The version of history in which Poland was solely a victim of the Nazis has been questioned again, writes DEREK SCALLY
AT FIRST glance, the blurred image shows a scene of peasants at harvest time. But there are no crops in the foreground, only skulls and bones. This is the death camp of Treblinka in 1943 and the Polish peasants in the photograph are taking a break from rifling through the ashes of 800,000 inmates murdered and cremated here. The aim of their efforts? To find jewels and gold overlooked by Nazi guards in the remains.
That is the explosive starting point of Golden Harvest, a new book by a controversial Polish-born academic who accuses ordinary Poles of systematically stealing belongings of Jewish concentration camp prisoners – alive and dead.
“There was no secret about it, it was an open activity in villages near the camps even if it wasn’t openly discussed,” said Prof Gross, a sociologist at Princeton University. “It’s normal behaviour in a way, to plunder assets of vanished Jews, until one reads about the actual circumstances, which are often incredibly brutal.”
He quotes from the diary of a Jewish doctor who described how masses of peasants gathered in makeshift camps on the outskirts of his provincial town. The peasants were waiting for the Nazi deportation of Jews, the doctor learns, so they can move in for the spoils.
The academic began his research after he spotted the Treblinka photograph in the Gazeta Wyborczanewspaper two years ago. What began as an essay grew and grew as he came across ever more shocking material.
“What is truly dramatic is that it’s not marginal individuals, thieves or misfits involved, but very solid citizens who participated,” he said. “Local village leaders, people who remain in very good standing after the war, all were involved. It’s contrary to what one reads about Polish resistance and the great tragedy.”
The book has caused huge controversy in Poland ahead of publication next month, and Prof Gross’s Polish publisher has been bombarded by e-mails protesting against its spreading of “defamatory claims”.
"We have received a lot of protests, bizarrely enough from those who have not read the book and are not familiar with its contents," said Jerzy Illg, editor of ZNAK publishers, to Gazeta Wyborcza.
The campaign, organised by conservative Catholic groups, doesn’t limit itself to attacks on the book. Campaigners have taken aim too at the character of Prof Gross, describing him as a “lying Jewish sociologist”.
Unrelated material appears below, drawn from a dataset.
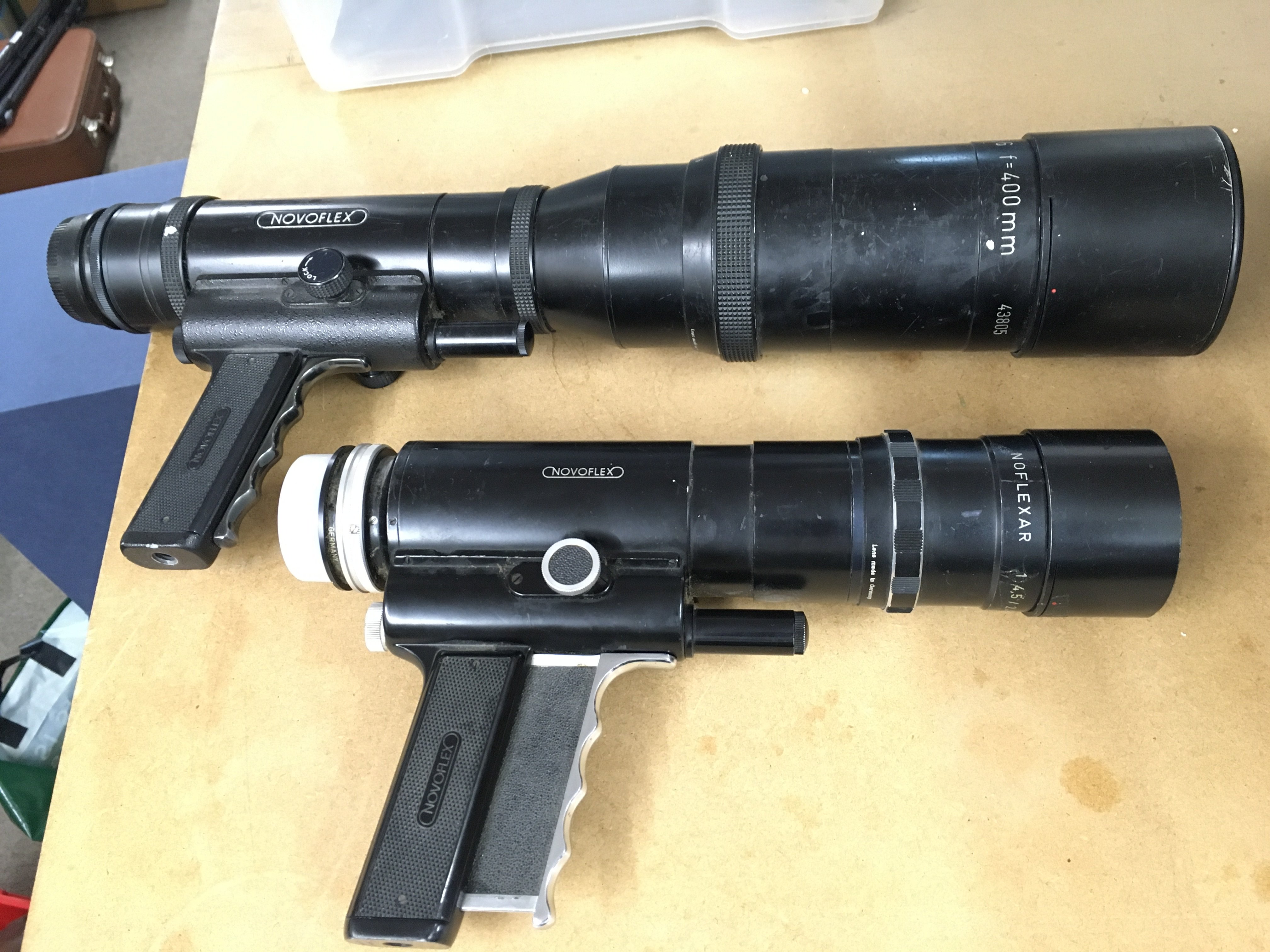 A Novoflex T-Noflexar f:5,6 400mm lens with pistol grip and a Novoflexar f:4,5/240 lens with grip. Postage category C

Prof Gross was born in 1947 to a Jewish family in Warsaw but emigrated to the US with his family in 1969, after an anti-Semitic campaign organised by communist authorities. A decade ago, he shocked Poland with his book Neighbours, describing the 1941 massacre of the entire Jewish population of the northeastern town of Jedwabne in one day by some of their Catholic neighbours.
That book challenged official Polish wartime history: that, by losing one-fifth of its population, Poland was exclusively a victim of Nazi occupation.
Aside from the current campaign, Prof Gross is a controversial figure among Polish academics, many of whom have raised questions about the quality of his research, sources and data. One has dismissed Golden Harvest as an "irresponsible and frivolous" work. But the weekly Tygodnik Powszechnynewspaper said the book would hopefully be a "shocking but cleansing read" for Poland.
The academic’s controversial work has thrown open the doors on the period to younger researchers, and the fate of Polish Jews under Nazi occupation is now a lively field of study.
“The persecution of Jews began with the Germans but, in the perception of large numbers of Poles, Jews were removed beyond the pale of humanity,” said Prof Gross.
“This is a terrible story – a breakdown of moral barriers.”